Jay's assistant Greg sees a smashed phone belonging to Jay and mails it to the cops, who aggressively question Tommy T about certain texts on the phone, and he tells them about Kosco. When Sanders and Reddy pay Kosco a visit, he speaks fluently and claims he is Don Lindowski, and that an intruder had lived in his home for several days without his knowledge. While leaving, Sanders whispers to Reddy that this must be the murderer, since the insulin kit with Maggie 2's initials was in his home. Kosco shoots at the cops, killing Deputy Reddy, then flees the scene by car, goes to Jay's home and murders him.

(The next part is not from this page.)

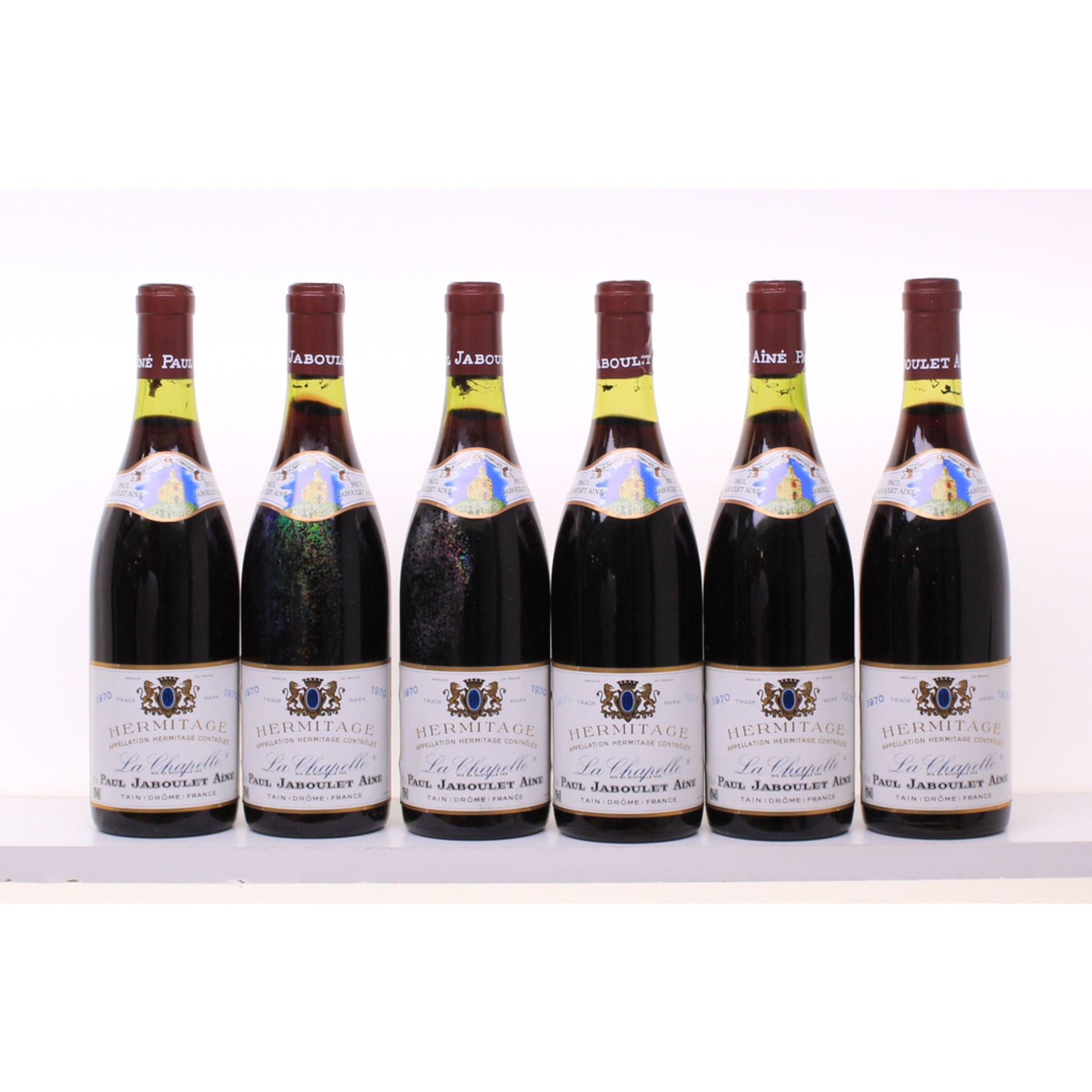 A row of six wine bottles with red labels and gold lettering, each with a cork stopper, are lined up on a white surface. The labels feature a blue crest and the text 'Le Ch\xc3\xa2teau' followed by a number. The bottles are arranged in a staggered manner, with the first and third bottles slightly overlapping the second and fourth, and the fifth and sixth bottles overlapping the fourth and second. | Wine Jaboulet Hermitage La Chapelle 1970 | b866480d8bc78db02ea8d636f40d2157b388e414a74fc9aed39ef131b0c5206f | 001065741169 | 0 | 0 | 70 | 6 | 0 | 0 | |

Rita hears the gunshots and tries to drive away, but Kosco gets into her car and threatens her with a gun. She correctly guesses that Kosco is going to kill her, and rams head-on into another vehicle. Having earlier been to the garage, she knows that the airbag on the passenger side is faulty whilst the driver's side bag deploys, saving her. Kosco is killed.

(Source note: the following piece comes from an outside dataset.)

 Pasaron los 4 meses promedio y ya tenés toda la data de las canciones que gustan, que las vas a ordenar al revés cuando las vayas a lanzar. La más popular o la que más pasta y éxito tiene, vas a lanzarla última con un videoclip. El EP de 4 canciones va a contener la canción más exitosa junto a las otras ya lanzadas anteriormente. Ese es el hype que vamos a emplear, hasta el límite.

Sanders is back with Rita, who is recovering at a hospital. Andy is back with Cassie, and Tommy T is in jail being assaulted by other prisoners.

== Production ==
John Slattery directed the film from a Paul Bernbaum script. Slattery produced with Vincent Newman, Ross Kohn, Nancy Leopardi, Dan Reardon, and Santosh Govindaraju. Screen Media acquired North America distribution rights in February 2023.

=== Casting ===
Jon Hamm and Tina Fey joined the cast in February 2021. In September of that year Nick Mohammed joined the cast as a wisecracking police officer, and Micah Stock joined in a supporting role.

=== Filming ===
Principal photography began in and around Albuquerque, New Mexico in October 2021, with filming lasting into November 2021.

== Release ==
The film premiered at the Tribeca Film Festival in June 2023 and was released in theaters on June 16, 2023.

== Reception ==
 Metacritic, which uses a weighted average, assigned the film a score of 43 out of 100, based on 15 critics, indicating "mixed or average" reviews.